─── GIVEN INFORMATION ───

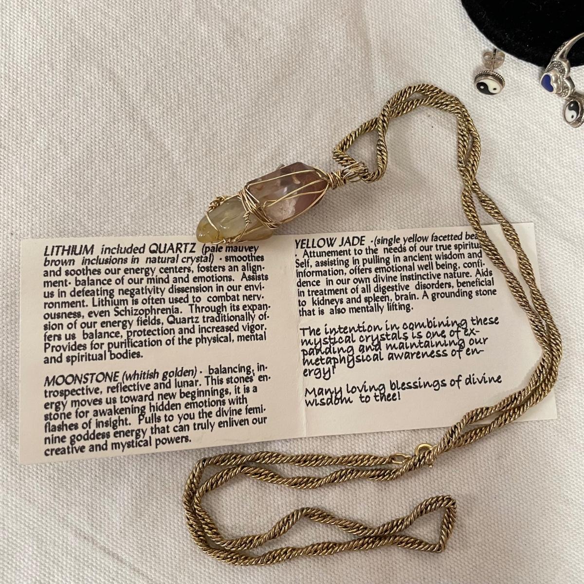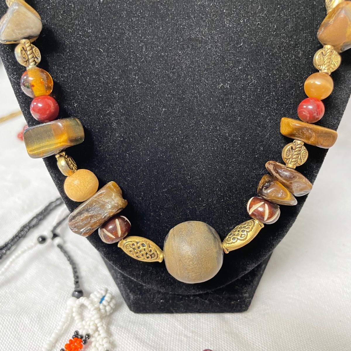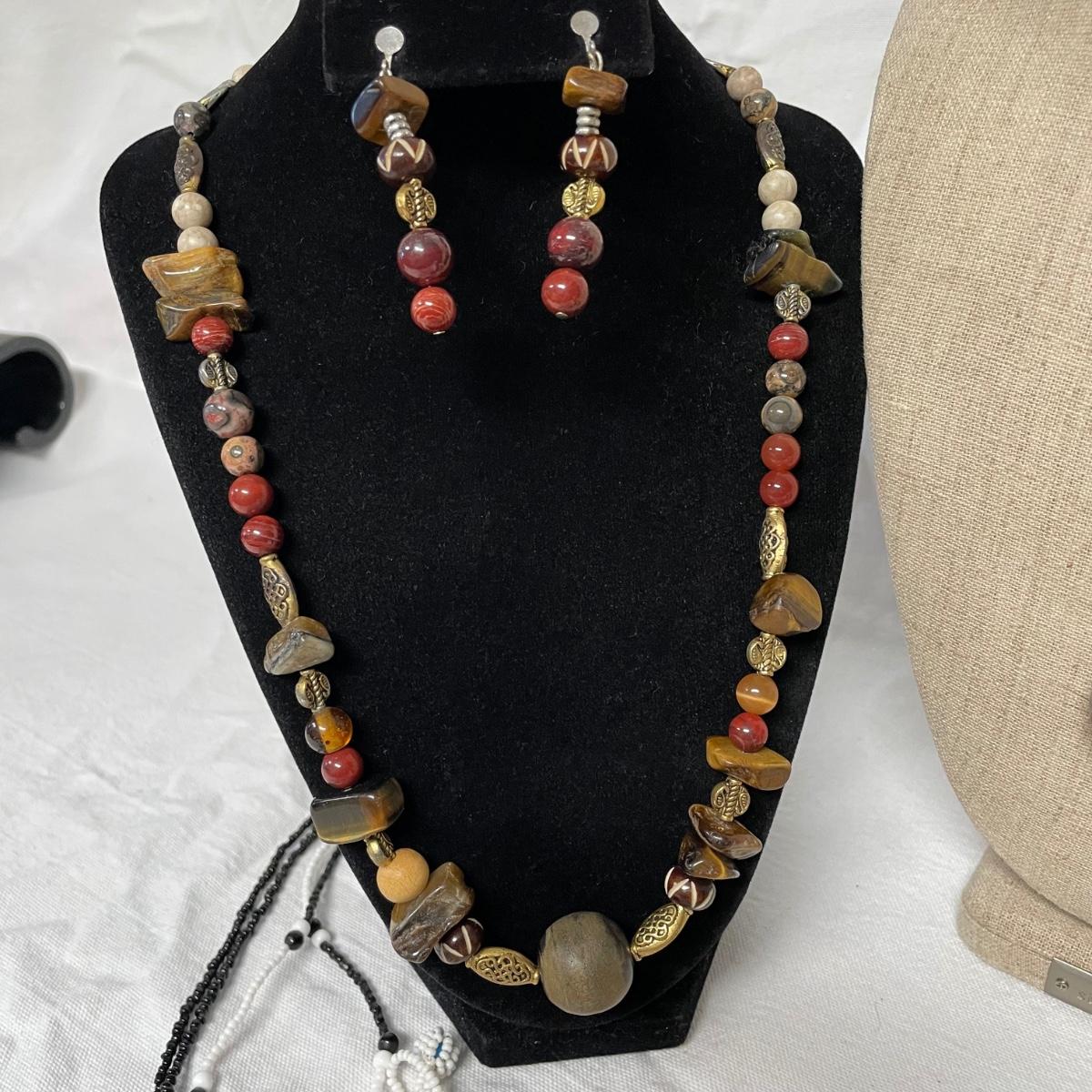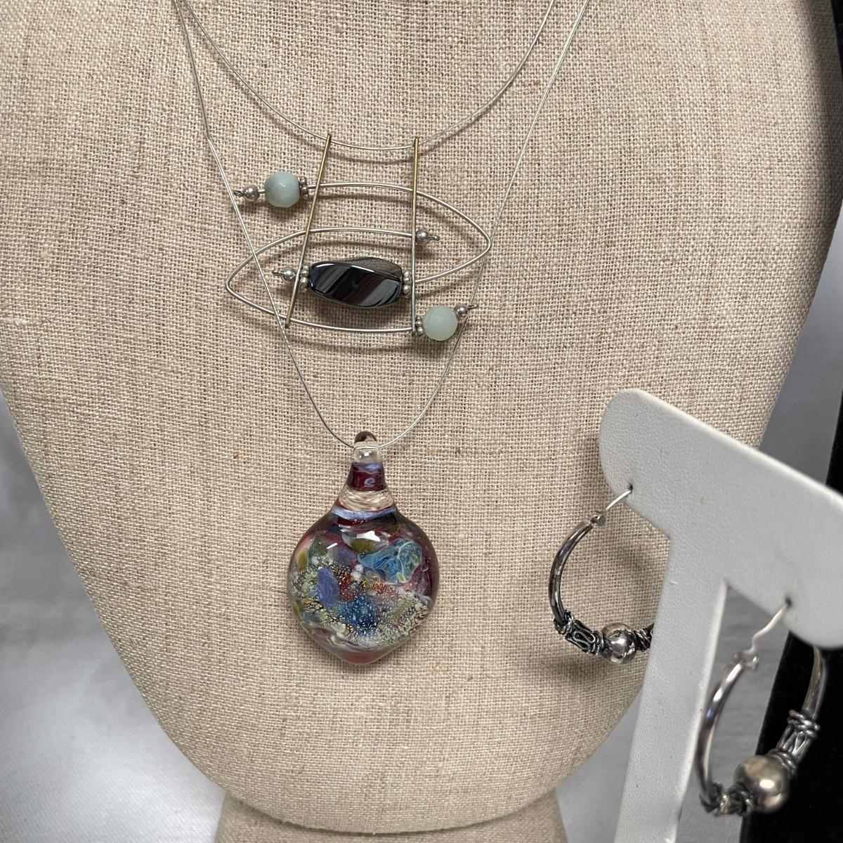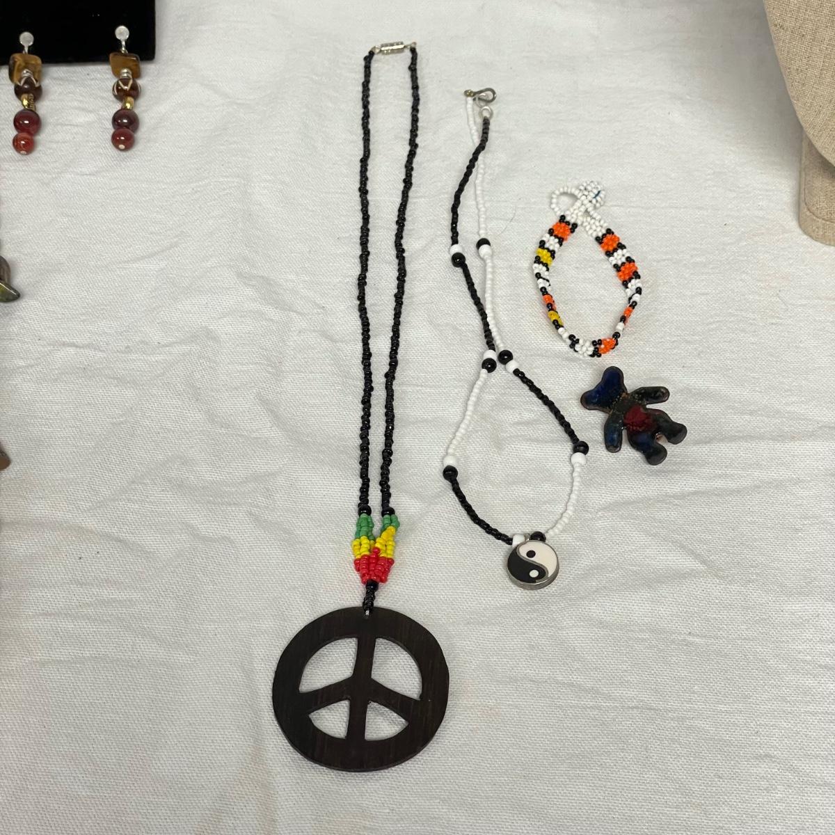 Fun, bold and colorful lot with a mix of necklaces, earrings, rings, bracelets, a brooch and a pendant. Lot features an artistic set with a necklace and clip earrings, two glass pendants and what appears to be a semi-precious mystic stone necklace with information pamphlet. No markings were seen on the rings. See images. Shipping available. All sales are final. No returns or refunds. Please bid accordingly.
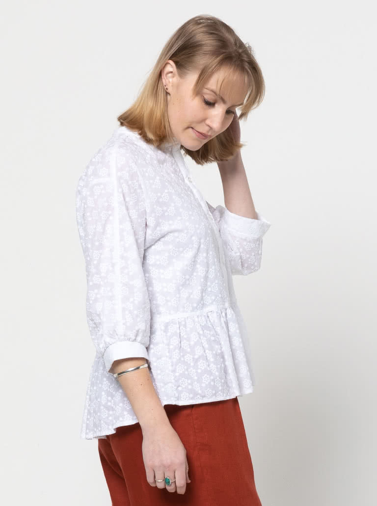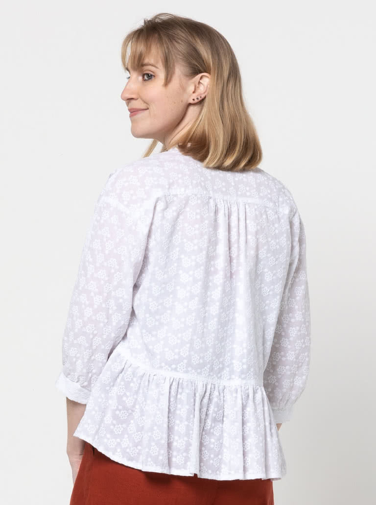 This cleverly drafted pattern has a front dolman sleeve and a set-in sleeve at the back. The masculine button-through front is off-set by the slight gathers that fall from the front neck and back yoke. This design features a 3/4 length sleeve and a gathered peplum skirt that creates an easy boxy silhouette.
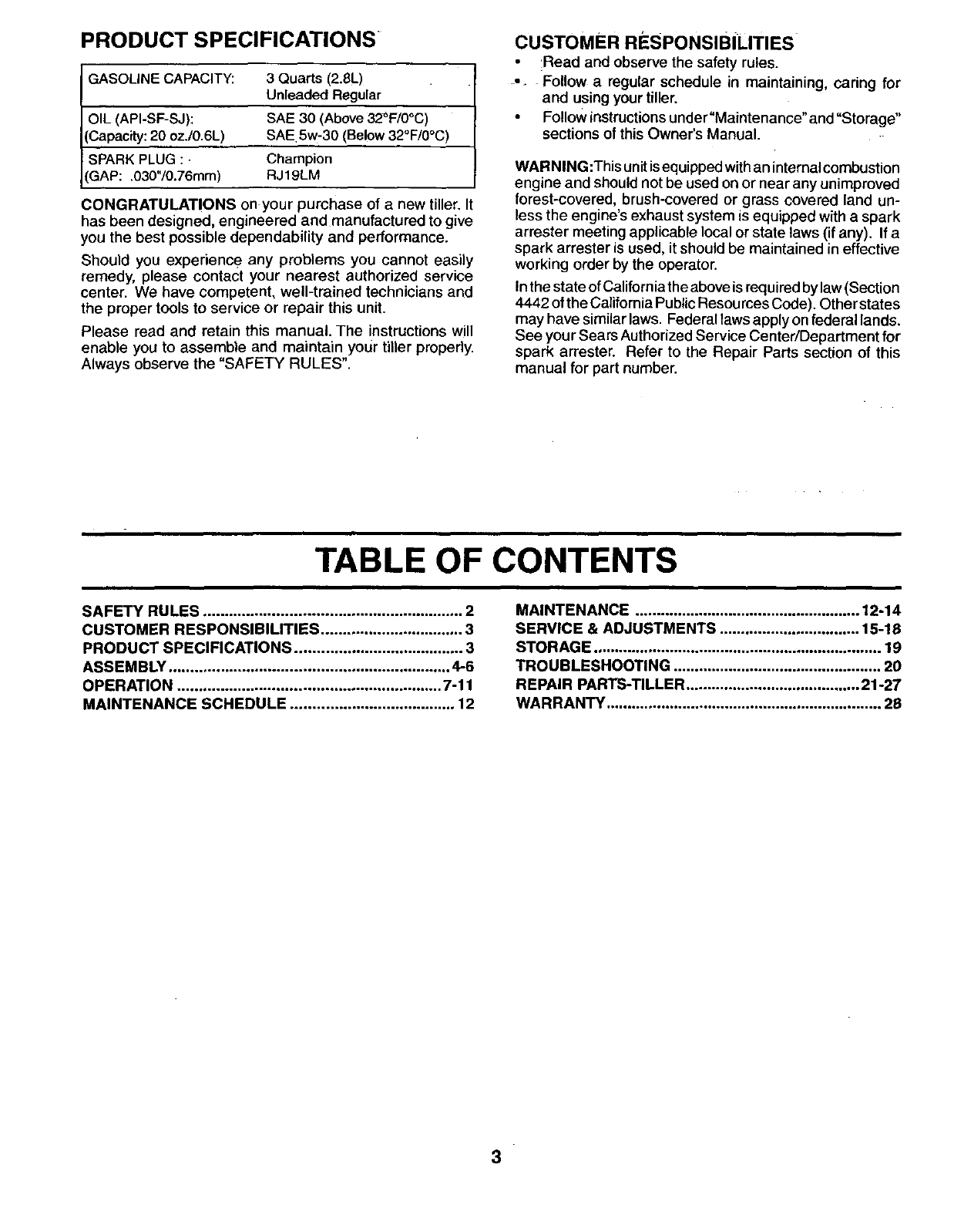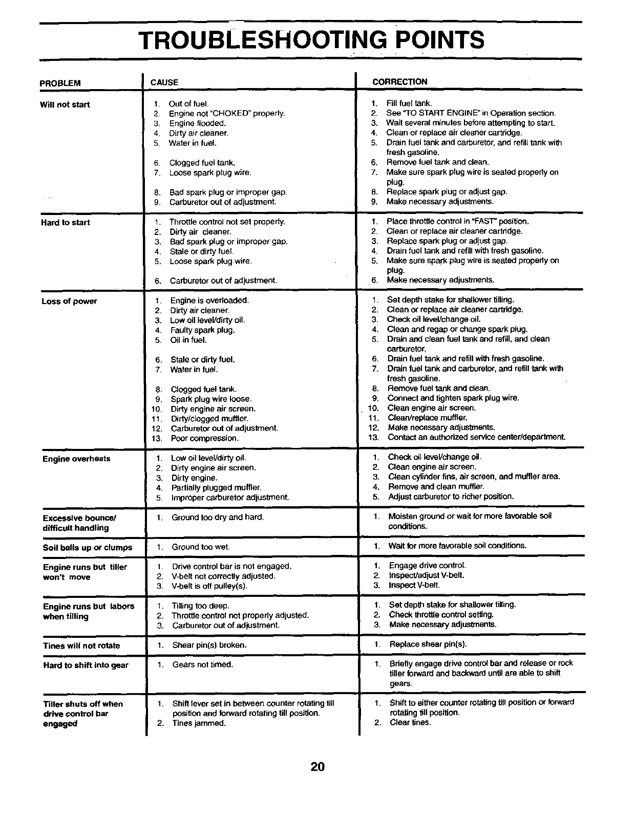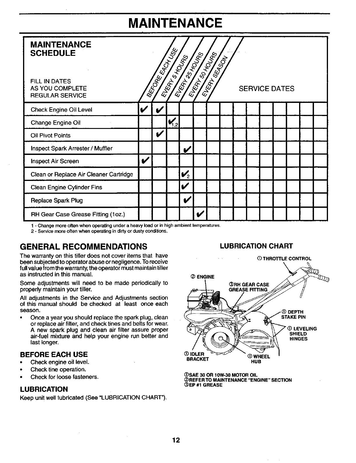 5. Exclusions: Excluded from this Warranty are belts, tines, tine adapters, normal wear, normal adjustments, stan-

───

The lines above must be transcribed exactly, with every picture left out.

> [TASK OUTPUT]:
 Fun, bold and colorful lot with a mix of necklaces, earrings, rings, bracelets, a brooch and a pendant. Lot features an artistic set with a necklace and clip earrings, two glass pendants and what appears to be a semi-precious mystic stone necklace with information pamphlet. No markings were seen on the rings. See images. Shipping available. All sales are final. No returns or refunds. Please bid accordingly.
 This cleverly drafted pattern has a front dolman sleeve and a set-in sleeve at the back. The masculine button-through front is off-set by the slight gathers that fall from the front neck and back yoke. This design features a 3/4 length sleeve and a gathered peplum skirt that creates an easy boxy silhouette.
 5. Exclusions: Excluded from this Warranty are belts, tines, tine adapters, normal wear, normal adjustments, stan-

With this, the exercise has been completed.